[Extracted records]
_ _ _ _ _

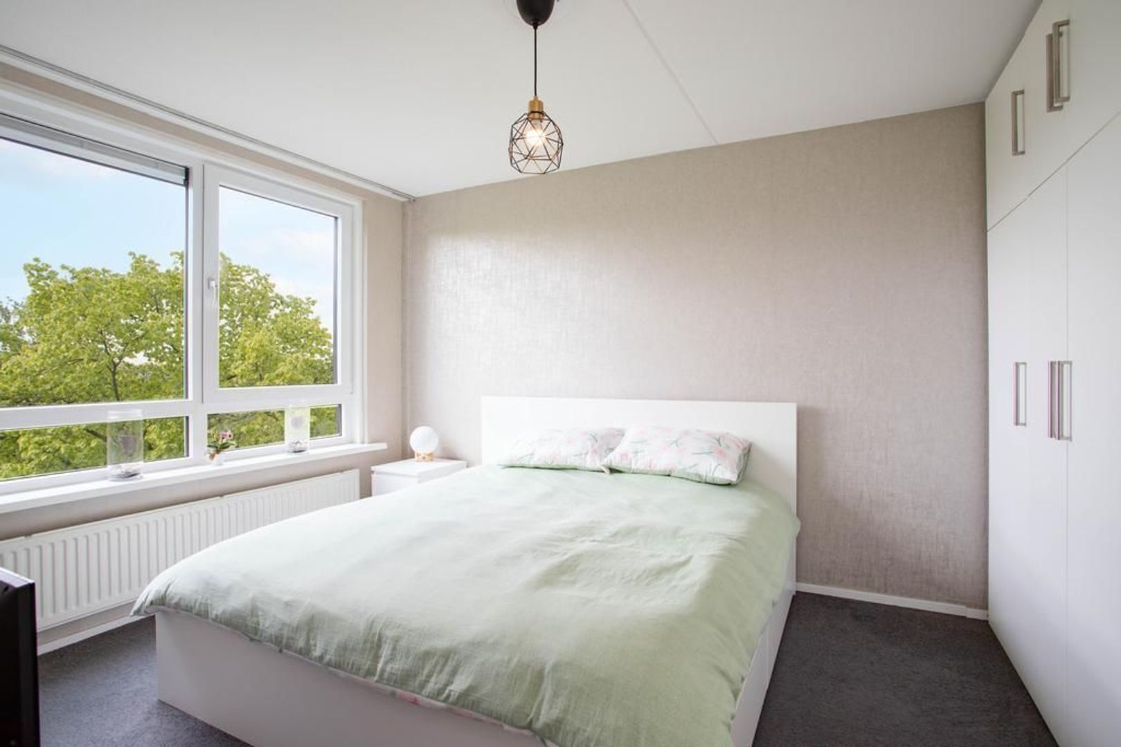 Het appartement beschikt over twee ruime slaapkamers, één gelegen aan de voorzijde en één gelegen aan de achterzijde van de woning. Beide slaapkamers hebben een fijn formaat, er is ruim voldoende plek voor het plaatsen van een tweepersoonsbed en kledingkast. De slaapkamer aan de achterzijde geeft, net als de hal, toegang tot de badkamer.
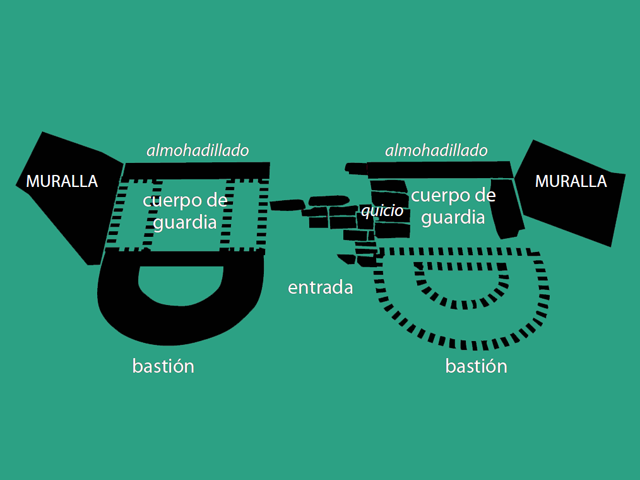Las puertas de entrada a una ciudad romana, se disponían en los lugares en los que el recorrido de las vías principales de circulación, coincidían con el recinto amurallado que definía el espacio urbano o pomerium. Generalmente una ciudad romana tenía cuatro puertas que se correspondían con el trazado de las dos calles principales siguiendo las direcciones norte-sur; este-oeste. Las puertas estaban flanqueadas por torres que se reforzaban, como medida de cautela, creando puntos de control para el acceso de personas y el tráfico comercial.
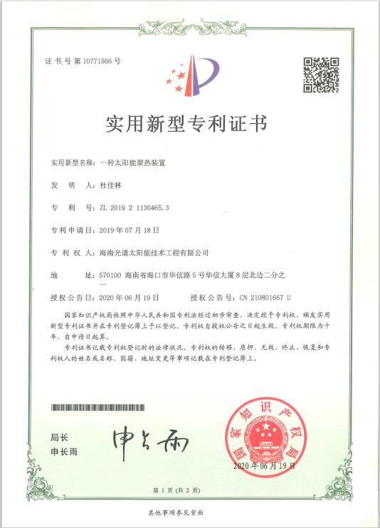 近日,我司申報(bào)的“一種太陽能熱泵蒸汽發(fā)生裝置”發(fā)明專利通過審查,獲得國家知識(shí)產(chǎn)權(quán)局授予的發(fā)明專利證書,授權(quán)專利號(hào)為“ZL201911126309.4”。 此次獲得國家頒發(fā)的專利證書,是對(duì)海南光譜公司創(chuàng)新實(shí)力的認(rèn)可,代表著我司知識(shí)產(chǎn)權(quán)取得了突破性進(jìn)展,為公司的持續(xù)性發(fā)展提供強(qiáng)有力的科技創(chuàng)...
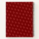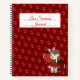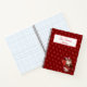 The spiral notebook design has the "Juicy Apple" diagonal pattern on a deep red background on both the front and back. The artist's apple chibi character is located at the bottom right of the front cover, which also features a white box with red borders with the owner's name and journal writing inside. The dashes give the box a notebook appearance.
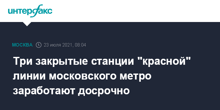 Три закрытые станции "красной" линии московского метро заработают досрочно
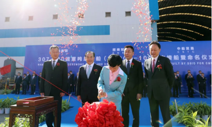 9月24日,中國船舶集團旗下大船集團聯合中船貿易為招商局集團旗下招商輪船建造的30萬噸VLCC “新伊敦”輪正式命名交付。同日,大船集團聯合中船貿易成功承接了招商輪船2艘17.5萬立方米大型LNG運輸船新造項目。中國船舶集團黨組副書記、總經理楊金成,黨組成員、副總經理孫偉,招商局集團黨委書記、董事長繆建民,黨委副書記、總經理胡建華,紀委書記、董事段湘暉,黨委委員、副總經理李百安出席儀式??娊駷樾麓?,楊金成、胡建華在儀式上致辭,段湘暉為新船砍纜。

_ _ _ _ _

> Problem to solve
Copy the lines of the records, beginning where the line containing "Три закрытые станции" appears and continuing through the final line, exactly and with no pictures.

> Answer to this problem
 Три закрытые станции "красной" линии московского метро заработают досрочно
 9月24日,中國船舶集團旗下大船集團聯合中船貿易為招商局集團旗下招商輪船建造的30萬噸VLCC “新伊敦”輪正式命名交付。同日,大船集團聯合中船貿易成功承接了招商輪船2艘17.5萬立方米大型LNG運輸船新造項目。中國船舶集團黨組副書記、總經理楊金成,黨組成員、副總經理孫偉,招商局集團黨委書記、董事長繆建民,黨委副書記、總經理胡建華,紀委書記、董事段湘暉,黨委委員、副總經理李百安出席儀式??娊駷樾麓?,楊金成、胡建華在儀式上致辭,段湘暉為新船砍纜。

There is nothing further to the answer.